### Source material:
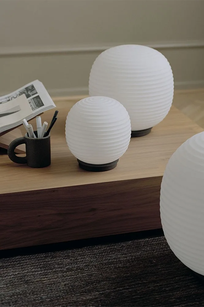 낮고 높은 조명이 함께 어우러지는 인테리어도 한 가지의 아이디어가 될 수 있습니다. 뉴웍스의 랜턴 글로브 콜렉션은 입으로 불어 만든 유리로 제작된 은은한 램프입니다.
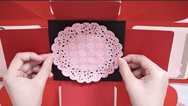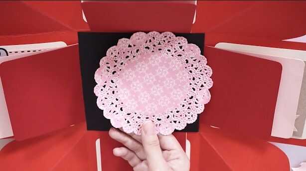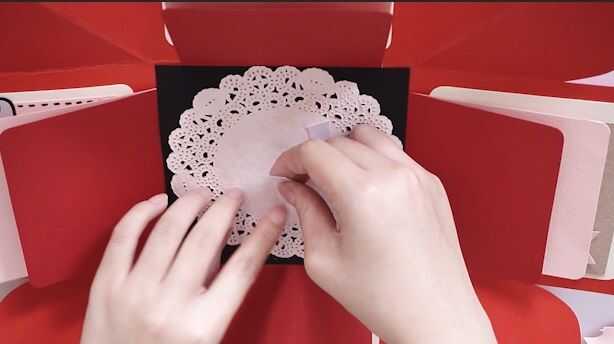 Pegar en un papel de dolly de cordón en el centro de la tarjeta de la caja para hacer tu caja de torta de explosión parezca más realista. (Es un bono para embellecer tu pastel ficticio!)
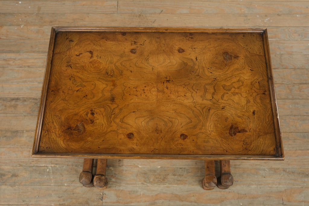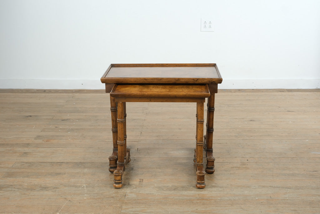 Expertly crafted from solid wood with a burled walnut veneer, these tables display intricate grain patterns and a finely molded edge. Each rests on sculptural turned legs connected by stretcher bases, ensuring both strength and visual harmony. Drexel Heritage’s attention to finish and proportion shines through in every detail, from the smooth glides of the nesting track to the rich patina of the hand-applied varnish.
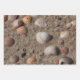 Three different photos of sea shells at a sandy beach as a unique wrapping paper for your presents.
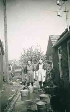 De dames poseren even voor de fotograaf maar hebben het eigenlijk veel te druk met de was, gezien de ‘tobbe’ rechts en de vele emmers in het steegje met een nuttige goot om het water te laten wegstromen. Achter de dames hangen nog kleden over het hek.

---

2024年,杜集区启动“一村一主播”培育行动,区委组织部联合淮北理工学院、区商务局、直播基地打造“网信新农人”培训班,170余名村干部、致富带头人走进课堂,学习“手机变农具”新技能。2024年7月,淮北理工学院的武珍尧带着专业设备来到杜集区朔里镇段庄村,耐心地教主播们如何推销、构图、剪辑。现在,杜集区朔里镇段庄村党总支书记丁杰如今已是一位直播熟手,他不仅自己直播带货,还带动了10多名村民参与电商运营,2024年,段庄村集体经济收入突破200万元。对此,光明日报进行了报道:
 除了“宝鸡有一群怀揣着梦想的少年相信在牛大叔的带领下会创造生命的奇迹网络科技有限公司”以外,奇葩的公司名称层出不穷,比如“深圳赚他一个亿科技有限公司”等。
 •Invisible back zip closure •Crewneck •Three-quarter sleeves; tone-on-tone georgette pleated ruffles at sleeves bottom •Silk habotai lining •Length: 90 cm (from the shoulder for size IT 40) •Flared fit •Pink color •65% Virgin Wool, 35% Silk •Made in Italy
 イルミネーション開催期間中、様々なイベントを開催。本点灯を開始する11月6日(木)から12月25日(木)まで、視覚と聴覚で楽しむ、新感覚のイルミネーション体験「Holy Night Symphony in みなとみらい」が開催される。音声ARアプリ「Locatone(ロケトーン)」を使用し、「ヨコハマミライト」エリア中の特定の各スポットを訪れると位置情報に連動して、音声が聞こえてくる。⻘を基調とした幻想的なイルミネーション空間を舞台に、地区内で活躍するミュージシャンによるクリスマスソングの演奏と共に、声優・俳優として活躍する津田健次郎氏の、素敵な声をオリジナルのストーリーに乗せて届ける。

### Aim of the exercise:
Starting with the line above that holds "Three different photos", restate each line word for word up to and including the line that holds "De dames poseren". Drop the pictures.

### Solution for this problem:
 Three different photos of sea shells at a sandy beach as a unique wrapping paper for your presents.
 De dames poseren even voor de fotograaf maar hebben het eigenlijk veel te druk met de was, gezien de ‘tobbe’ rechts en de vele emmers in het steegje met een nuttige goot om het water te laten wegstromen. Achter de dames hangen nog kleden over het hek.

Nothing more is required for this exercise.